Donald Harnish Fleming
Donald Harnish Fleming, Jonathan Trumbull Professor of American History, Emeritus, died in June 2008 after 41 years of service to Harvard University. A scholar of intellectual history and the history of science and medicine, he was the latest in a long line of Harvard’s charismatic lecturers on history who informed and delighted generations of students with brilliant, compelling lectures—witty and epigrammatic, yet packed with details of the ideas, assumptions, and beliefs of philosophers, social and physical scientists, and literary figures and their critics.

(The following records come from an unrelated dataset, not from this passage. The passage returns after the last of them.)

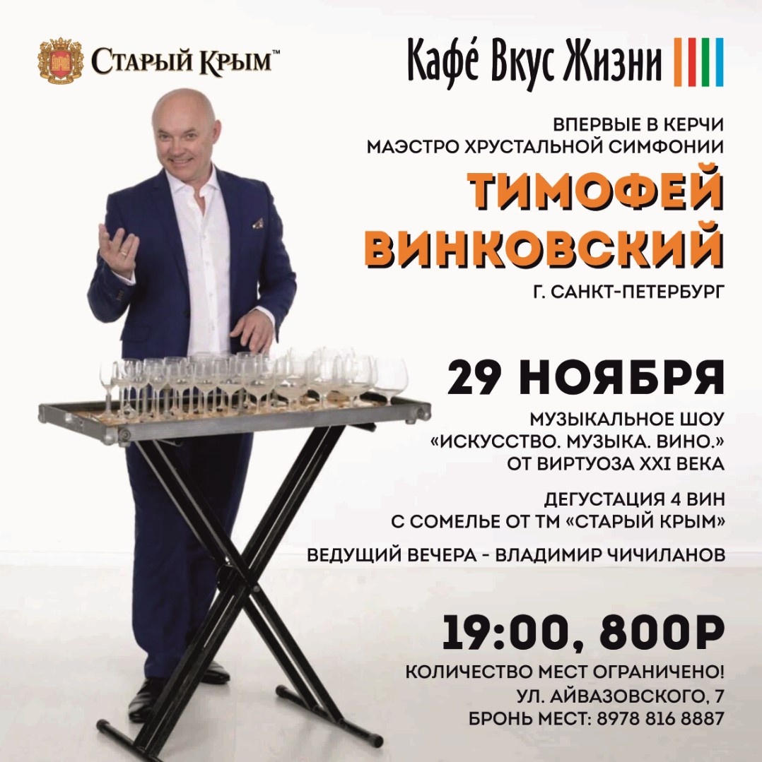 Впервые в Керчи артист оригинального жанра, маэстро хрустальных симфоний — Тимофей Винковский.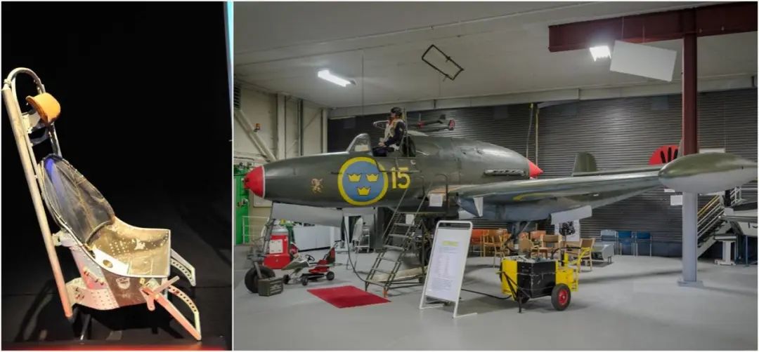 瑞典萨博(SAAB)公司在1941年为萨博J-21战斗机研制配套的弹射座椅时,就从压缩空气动力转为火药动力。博物馆中的这架萨博J-21战斗机还原了弹射座椅弹射出舱的情形。战后,随着喷气时代的到来,飞机的速度越来越快、直至突破了音障,飞行员再以过去纯靠自己、手动方式跳伞来逃生是不可能的了,对弹射座椅的需求愈加迫切。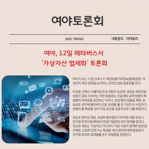 [여야, 12일 메타버스서 '가상자산 법제화' 토론회]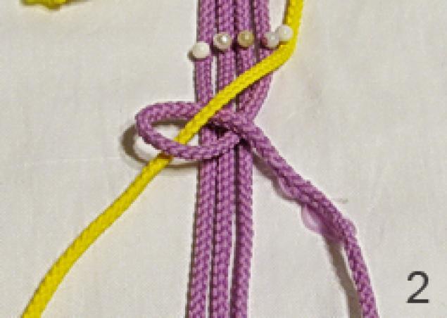 - На среднюю нить нанизайте одну бусину и завяжите нити под ней простым плоским узлом.
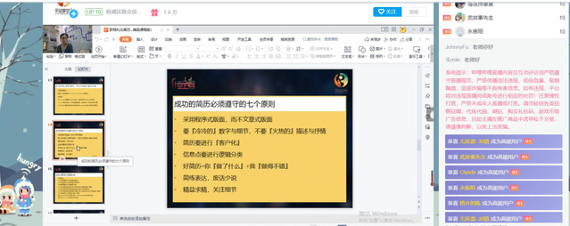 为切实提升太阳成集团tyc33455怎么注册能力和职场竞争力,帮助员工实现更高质量就业,太阳成集团tyc33455于2022年9月13日通过Bilibili直播间组织开展主题为“简历在手,职达未来”的线上简历制作技巧专题讲座,讲座由杨浦区就业促进中心专家陈燕进行讲授,2019级员工进入直播间观看交流。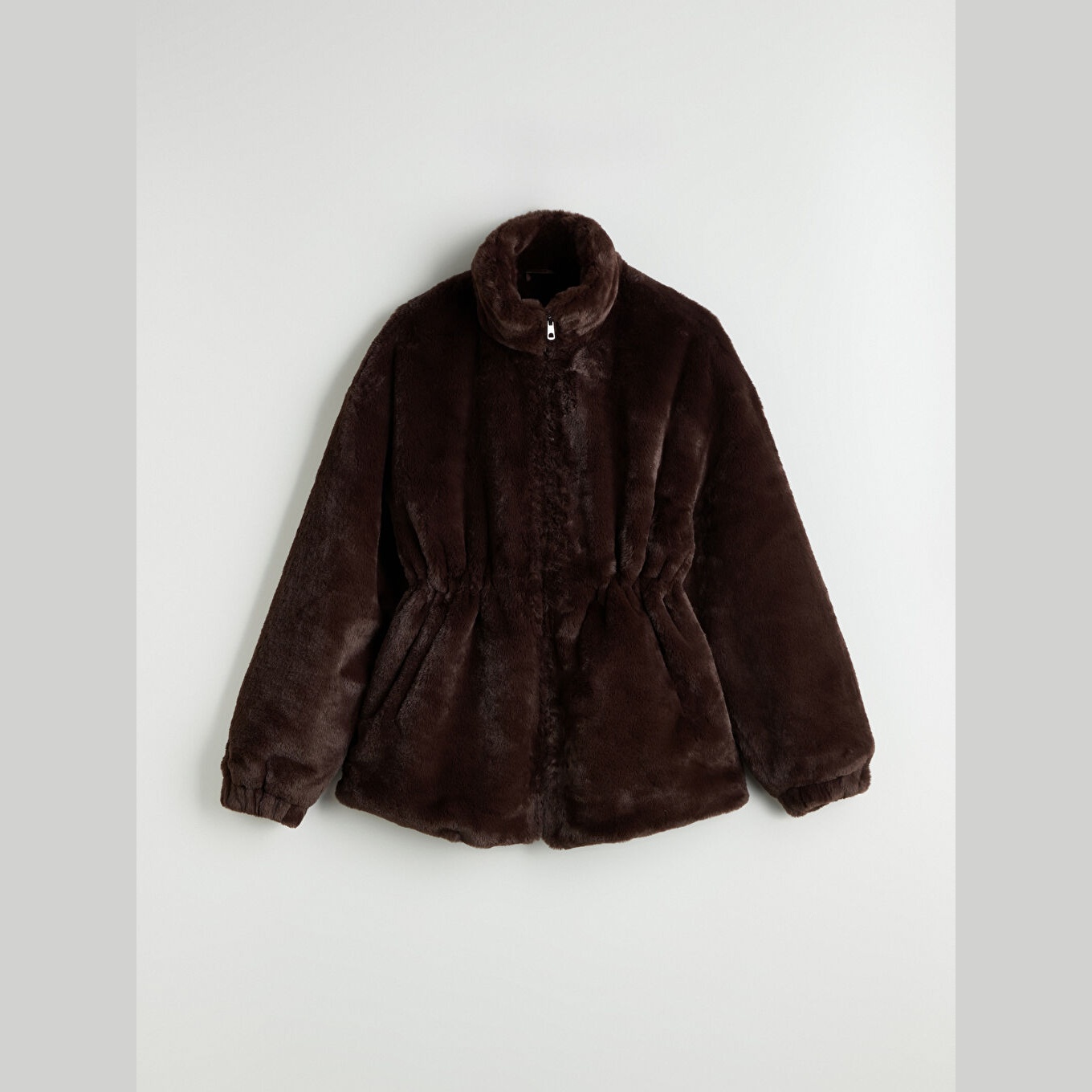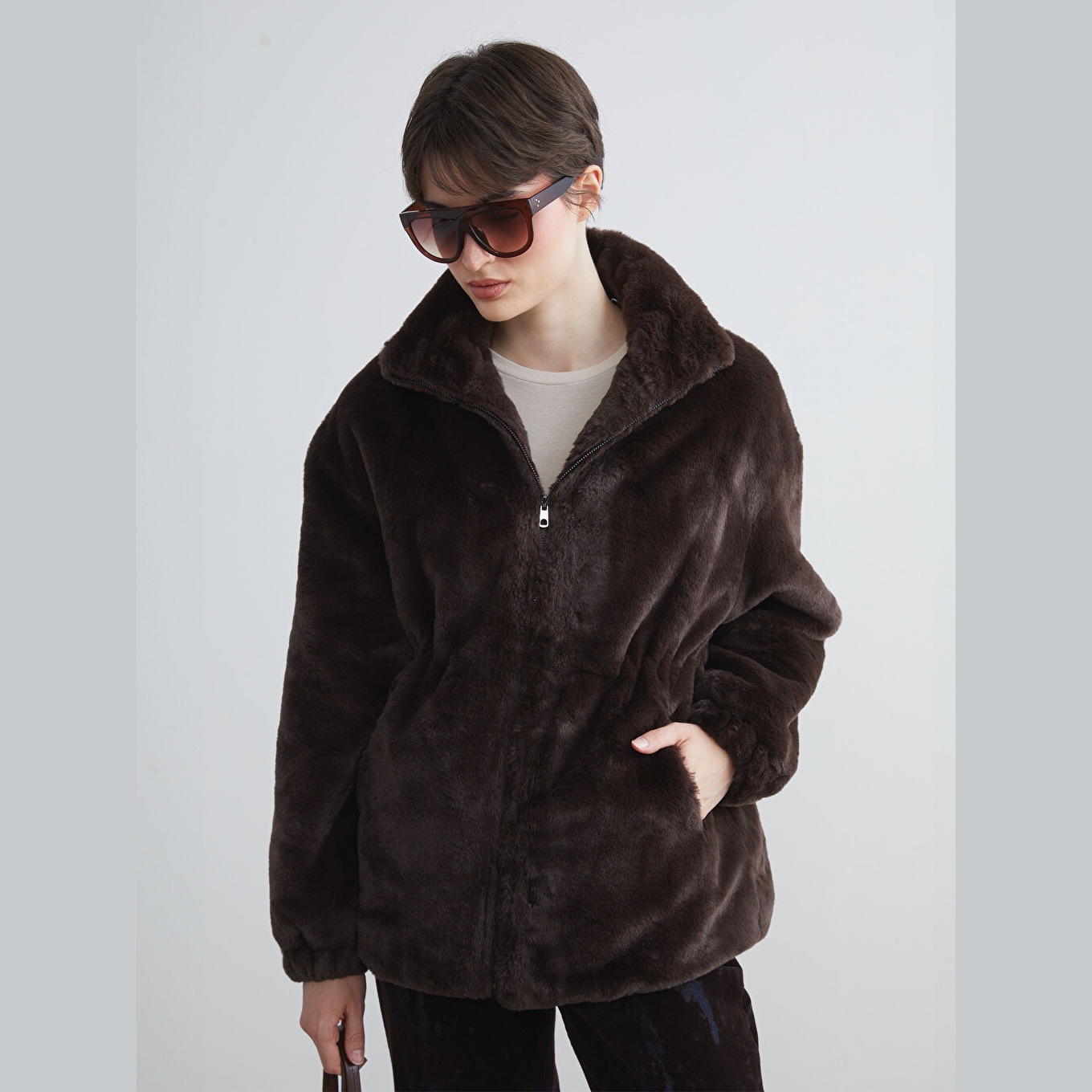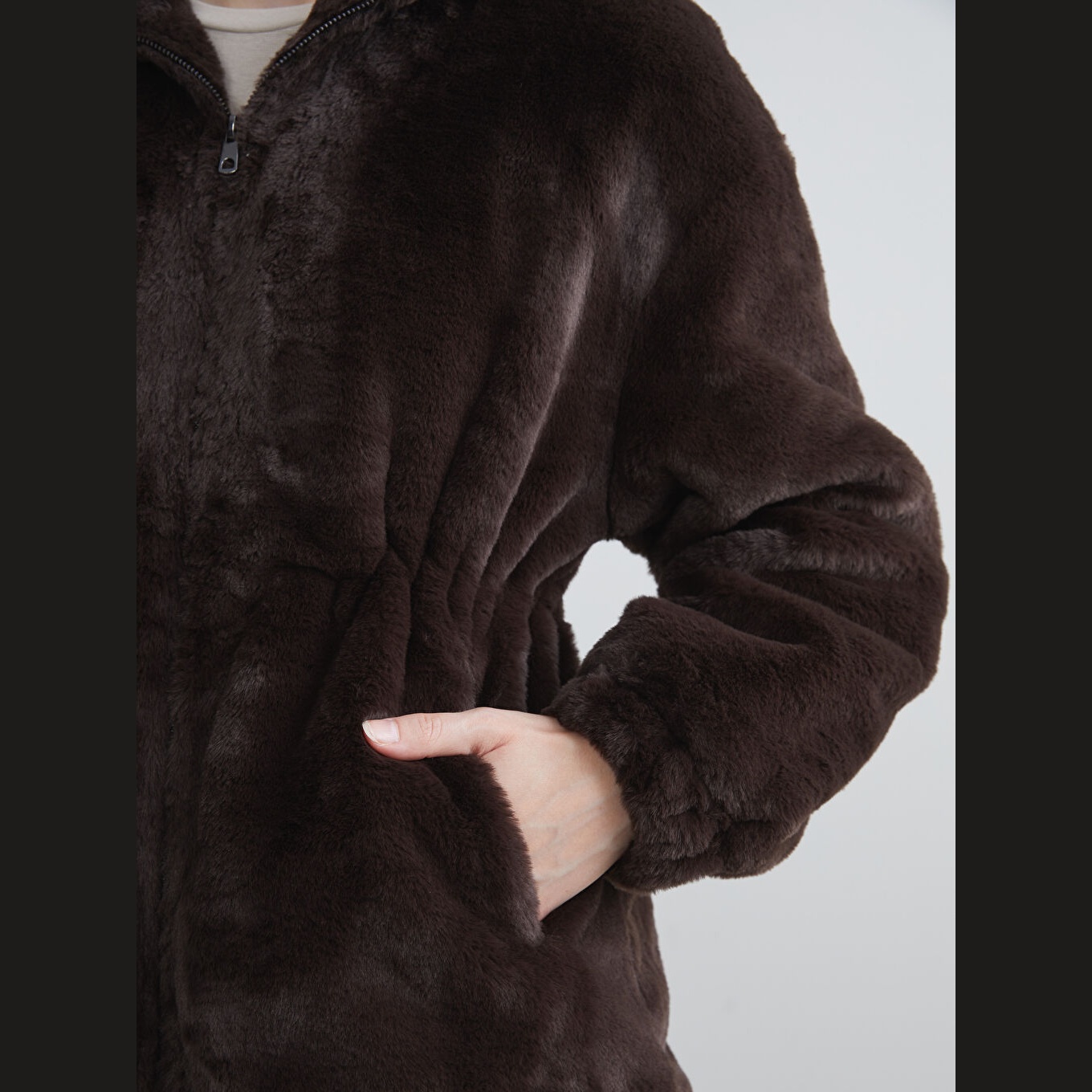 جاكيت نسائي شتوي من LCW Vision – بني (قصة واسعة، تصميم ميدي، خامة بيليوش ناعمة، بياقة مستقيمة، بدون قبعة، مثالي للإطلالات الشتوية اليومية بأسلوب أنيق ودافئ)

Following his undergraduate years at Johns Hopkins University, Fleming completed his doctorate at Harvard in 1947, and three years later published his first, prize-winning book, both biographic and thematic, “John William Draper and the Religion of Science.” The research for that work drew him into the detailed history of medicine, which he explored in his second book, again both biographic and thematic, “William H. Welch and the Rise of Modern Medicine” (1954). By then Professor of History at Brown University, he had become prominent as a leading intellectual historian. After a year at Yale (1958-1959), he accepted an appointment at Harvard, where he remained for the rest of his career. He served as chairman of the history department from 1963 to 1965 and as director of the Charles Warren Center for Studies in American History from 1973 to 1980.